Harry gives Tunisia the Kane to spare England’s blushes…

On a visit to Leeds Trinity journalism department, Lewis Walsh writes up England’s victorious first game in the World Cup

England captain Harry Kane proved to be the hero in England’s 2-1 victory in their opening fixture of the World Cup, as he scored two memorable goals to secure three points for Gareth Southgate’s side.

The opening 30 minutes of the first half will have given England fans hope as chance after chance fell their way. It also proved that set-pieces could be the strong point for the side. Kane made sure to rifle home the rebound that came from the initial save made by Tunisian goalkeeper Mouez Hassan in the 11th minute.

Hassan was forced off by injury just five minutes after England’s opener, but his heroic efforts to limit England to one goal will have left many wondering just why he has spent this season on loan at Châteauroux in the French second division.

Following this spell of dominance, England became complacent Tunisia showed they were no pushovers.

In the 33rd minute, Columbian referee Wilmar Roldán made the controversial decision to award The Eagles of Carthage a penalty with the assistant of VAR after Kyle Walker allegedly obstructed a Tunisia player in the box. Before you could say ‘Same Old England’, Ferjani Sassi coolly converted his penalty to make it 1-1.

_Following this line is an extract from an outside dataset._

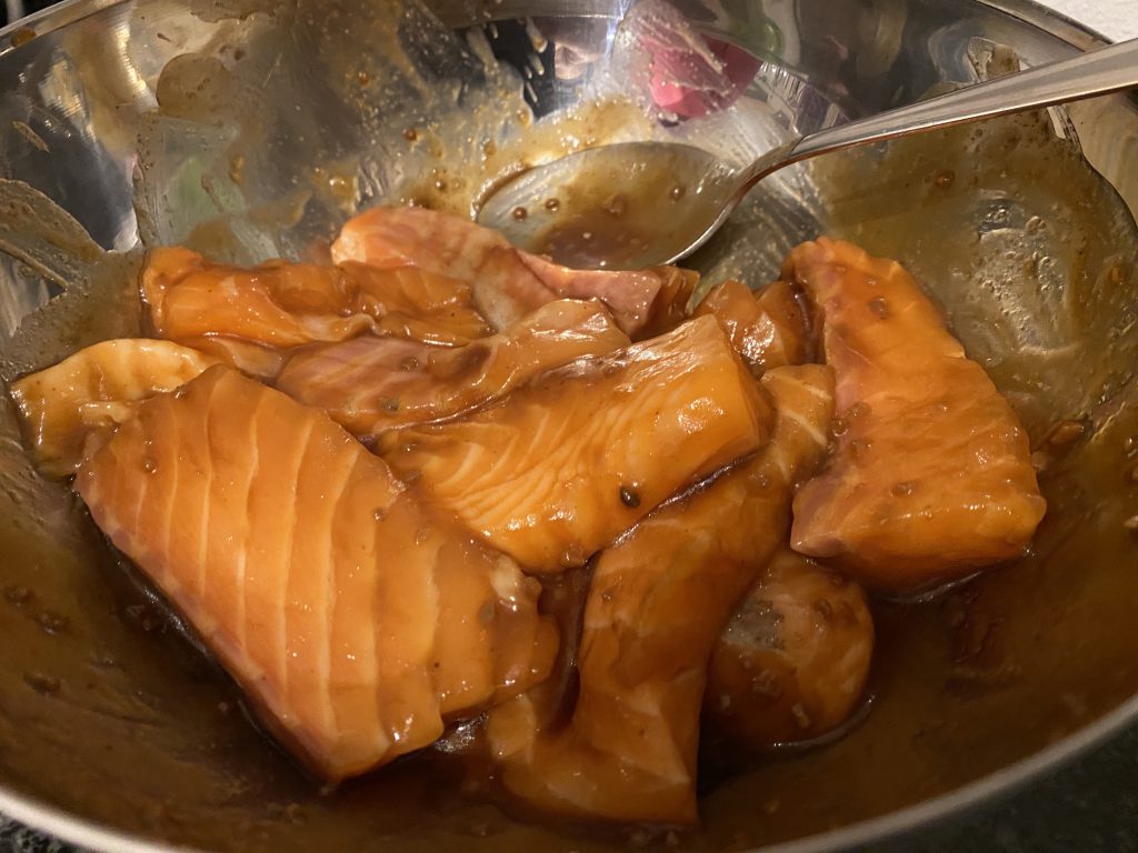 Den Bio Lachs abzupfen und säubern, wenn nötig. Eine euerer Lieblingsschüsseln nehmen und den Lachs in ca. 2-3 EL der Teriyaki Soße marinieren. Schüssel zur Seite stellen, brauchen wir erst später 🙂

VAR is controversial at this World Cup and even the most ardent defenders will have found it hard to justify how it was used here. Many will have been wondered why it was used for the Kyle Walker penalty incident, and two incidents where Kane was wrestled to the ground by Tunisian defenders at corners.

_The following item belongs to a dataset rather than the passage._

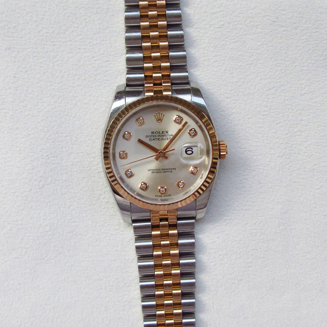 - 表带材质:原装18K玫瑰间金纪念型5珠实心表带(22节)

As two incidents took place when the score was 1-1, it is easy to understand the frustration of the England fans.

Southgate’s appointment might have been questioned, but he will have won over a few doubters with the game-changing substitutions he made.

The introduction of Reuben Loftus-Cheek, who is deservedly in the squad following his successful season on loan at Crystal Palace, in place of Dele Alli, as well as bringing on Marcus Rashford for Raheem Sterling, proved to be pivotal for England. They began to get their mojo back after a tepid start to the second half.

Just as the media were preparing to sharpen for a poor result, Kane once again popped up. His goal this time came through a header after the ball was played to him by centre back Harry Maguire. Such a late goal spared England’s blushes.

England games tend to produce talking points, and their clash against Tunisia was no different.

Firstly, we already have a squad selection problem on our hands, as the cameos made by Rashford and Loftus-Cheek were more than enough for them to deserve a chance against Panama on Sunday.

But it would be a big call by Southgate to drop two of his star players in Raheem Sterling and Dele Alli, even if their performances were not the greatest.

Secondly, VAR could prove to be England’s Achilles Heel if it is used as it was yesterday. If FIFA want their experiment to be a success, there needs to be consistency. Sadly, when conversations should be dominated by optimism following the last-gasp goal, they will instead be littered with debates of whether this VAR system should really be used in England, as has been planned by the Premier League.

Either way, England showed they’ve got the spirit to go far in this tournament. Could 52 years of hurt end this summer?